Records contained in a dataset:
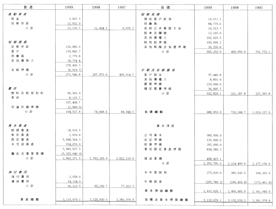 本行認為上述之財務報表均真實與公平地反映貴公司於一九九九年十二月三十一日之財政狀況及貴公司截至該日止年度之業績和現金流量,並已按照刊載於財務報表附註二的主要會計政策和根據附註一所指有關專營合約的規條而編製。
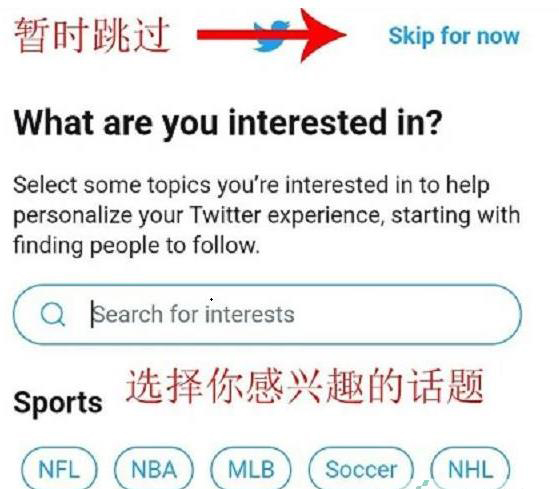 第九步:最后选择你感兴趣的话题,也可以点击“SKip for now”暂时跳过,这样我们的推特账号就注册成功了。
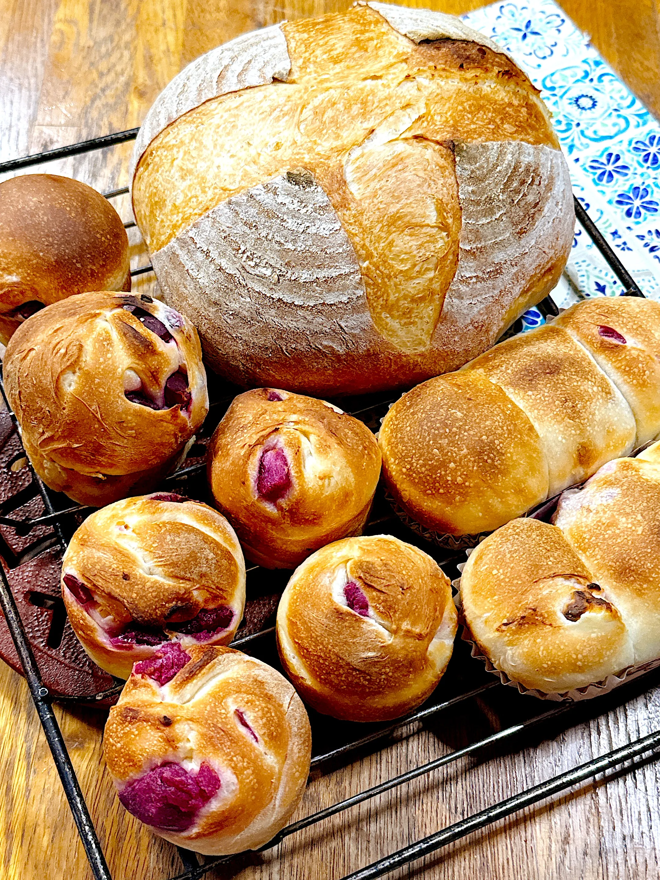 今回は紫芋レモン煮とクリームチーズを小さく切って混ぜ込みました。
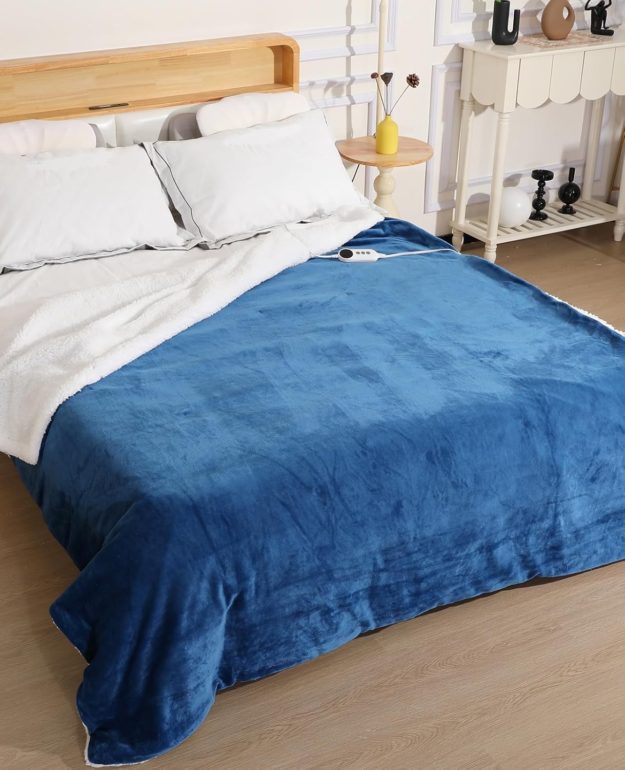 Electric Heated Blanket Full 72"x84", Ultra‑Soft Flannel & Sherpa Heating Blanket, Fast Heat & Even Heat Distribution, 9 Temps (80–109°F), 2-10H Auto‑Off, House Warming Gifts, Blue
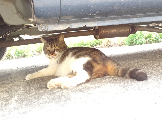 そうっとのぞき込むと、どこから来たのか、おデブな猫が日陰で涼んでいました(笑)
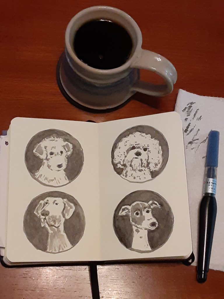 I trust it won’t be too much of a spoiler to say that doing dog paintings in black and white is helpful when I’m also doing a series of dog portraits in color. Nothing like painting in black, white and shades of grey to sharpen my observation skills. Very carefully I made sure that both of my main projects are dog related. This way the project concepts strengthen each other. Kind of like how doing similar but different physical exercises strengthen muscles better that just doing one kind of exercise.
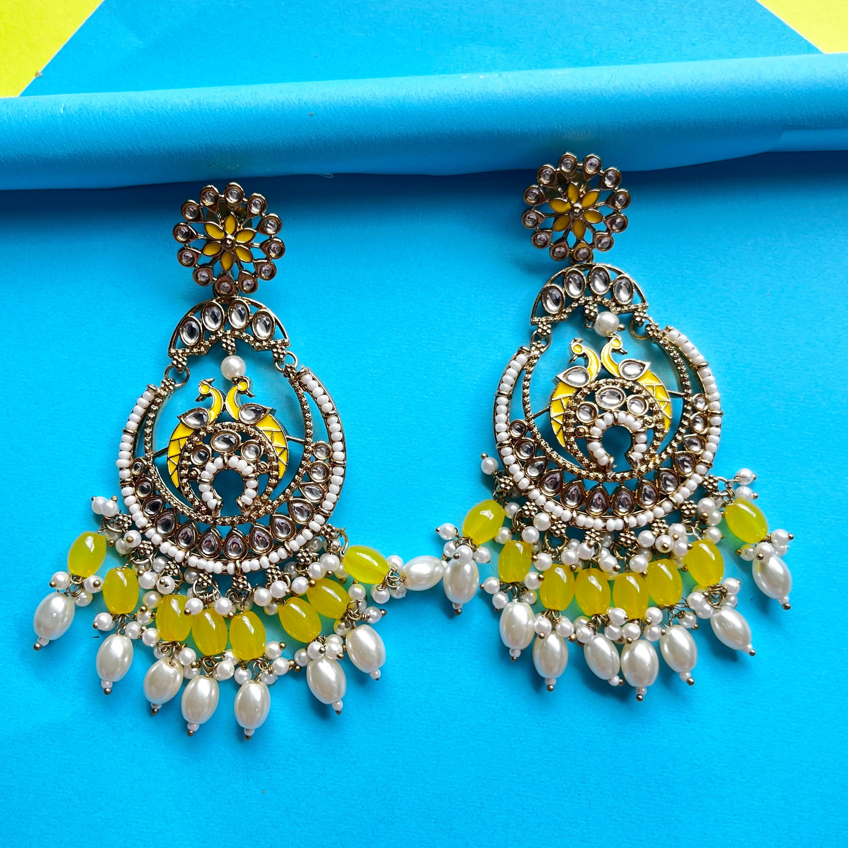 This offer promotes a limited-time deal where customers can buy 2 pairs of earrings for ₹1500. The image showcases two exquisite earring designs, both featuring a traditional and festive appeal:

→ Work request: Please copy the data above word for word, but only from the line that contains "今回は紫芋レモン煮とクリームチーズを小さく切って混ぜ込みました。" through the final line, both included, and without the pictures.

→ Finished exercise:
 今回は紫芋レモン煮とクリームチーズを小さく切って混ぜ込みました。
 Electric Heated Blanket Full 72"x84", Ultra‑Soft Flannel & Sherpa Heating Blanket, Fast Heat & Even Heat Distribution, 9 Temps (80–109°F), 2-10H Auto‑Off, House Warming Gifts, Blue
 そうっとのぞき込むと、どこから来たのか、おデブな猫が日陰で涼んでいました(笑)
 I trust it won’t be too much of a spoiler to say that doing dog paintings in black and white is helpful when I’m also doing a series of dog portraits in color. Nothing like painting in black, white and shades of grey to sharpen my observation skills. Very carefully I made sure that both of my main projects are dog related. This way the project concepts strengthen each other. Kind of like how doing similar but different physical exercises strengthen muscles better that just doing one kind of exercise.
 This offer promotes a limited-time deal where customers can buy 2 pairs of earrings for ₹1500. The image showcases two exquisite earring designs, both featuring a traditional and festive appeal:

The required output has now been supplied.